• TASK REQUIREMENTS: This task calls for the lines below starting at the one containing "各种传承进化角色:棒族战士、英雄战剑、弓箭手大师、巨型火柴人……" and ending at the one containing "Poster Herbe haute", repeated exactly with both ends kept and pictures left out.

(Saved entries)
|---|
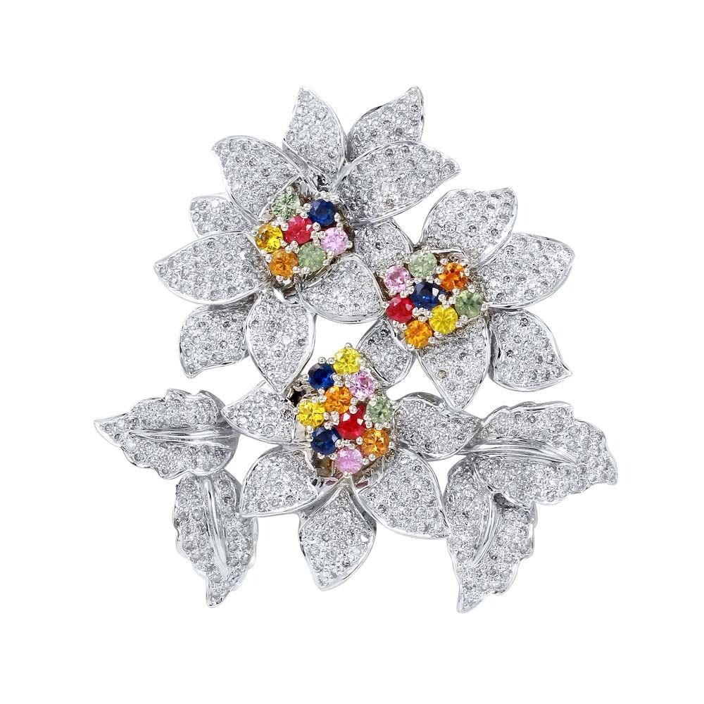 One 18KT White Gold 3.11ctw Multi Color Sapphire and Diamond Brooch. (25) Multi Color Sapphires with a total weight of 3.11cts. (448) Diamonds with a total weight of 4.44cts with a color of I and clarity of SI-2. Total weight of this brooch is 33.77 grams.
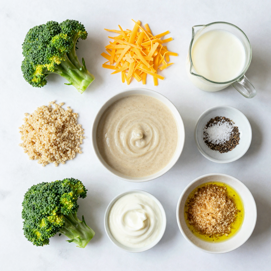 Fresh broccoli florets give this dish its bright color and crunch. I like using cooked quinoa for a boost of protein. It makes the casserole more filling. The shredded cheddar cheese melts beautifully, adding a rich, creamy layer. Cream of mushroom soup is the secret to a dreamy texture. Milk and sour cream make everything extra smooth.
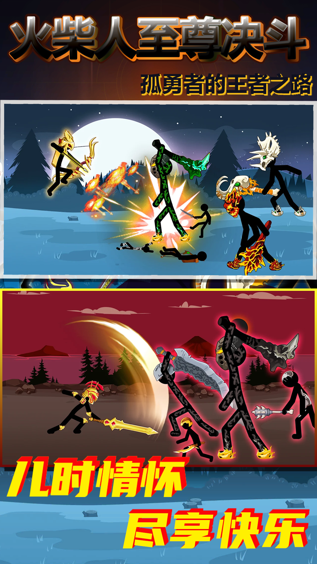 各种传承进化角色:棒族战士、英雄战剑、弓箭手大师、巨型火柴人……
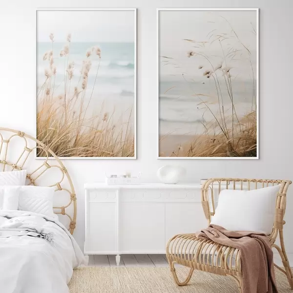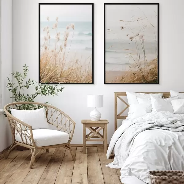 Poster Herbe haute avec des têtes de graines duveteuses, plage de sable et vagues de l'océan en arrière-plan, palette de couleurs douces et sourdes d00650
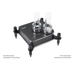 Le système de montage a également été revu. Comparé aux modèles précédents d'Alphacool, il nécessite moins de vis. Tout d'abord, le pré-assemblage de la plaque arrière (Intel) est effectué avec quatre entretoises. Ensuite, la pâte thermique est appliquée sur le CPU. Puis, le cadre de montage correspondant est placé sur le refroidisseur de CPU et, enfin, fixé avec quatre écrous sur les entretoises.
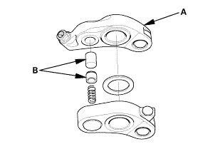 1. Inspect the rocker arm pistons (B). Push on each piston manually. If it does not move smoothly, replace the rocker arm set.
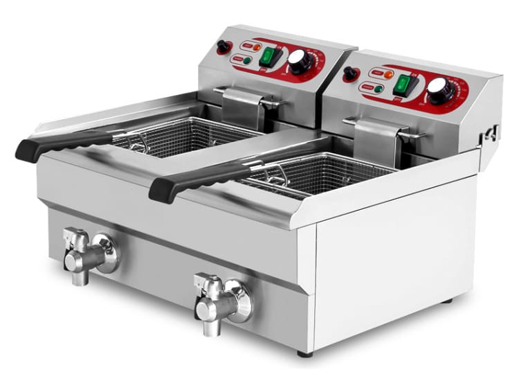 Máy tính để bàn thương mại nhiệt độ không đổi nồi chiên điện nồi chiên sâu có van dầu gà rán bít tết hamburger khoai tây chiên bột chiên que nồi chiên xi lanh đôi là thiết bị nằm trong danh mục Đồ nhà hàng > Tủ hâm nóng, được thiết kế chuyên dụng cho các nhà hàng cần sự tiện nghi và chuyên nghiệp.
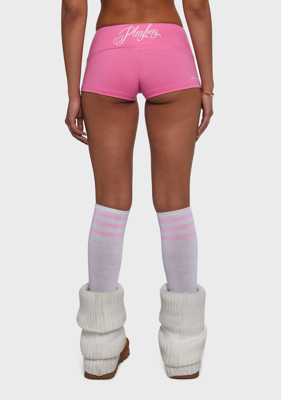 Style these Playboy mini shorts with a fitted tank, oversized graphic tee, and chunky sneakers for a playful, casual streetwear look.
|---|
• OUTPUT OF THE TASK:
 各种传承进化角色:棒族战士、英雄战剑、弓箭手大师、巨型火柴人……
 Poster Herbe haute avec des têtes de graines duveteuses, plage de sable et vagues de l'océan en arrière-plan, palette de couleurs douces et sourdes d00650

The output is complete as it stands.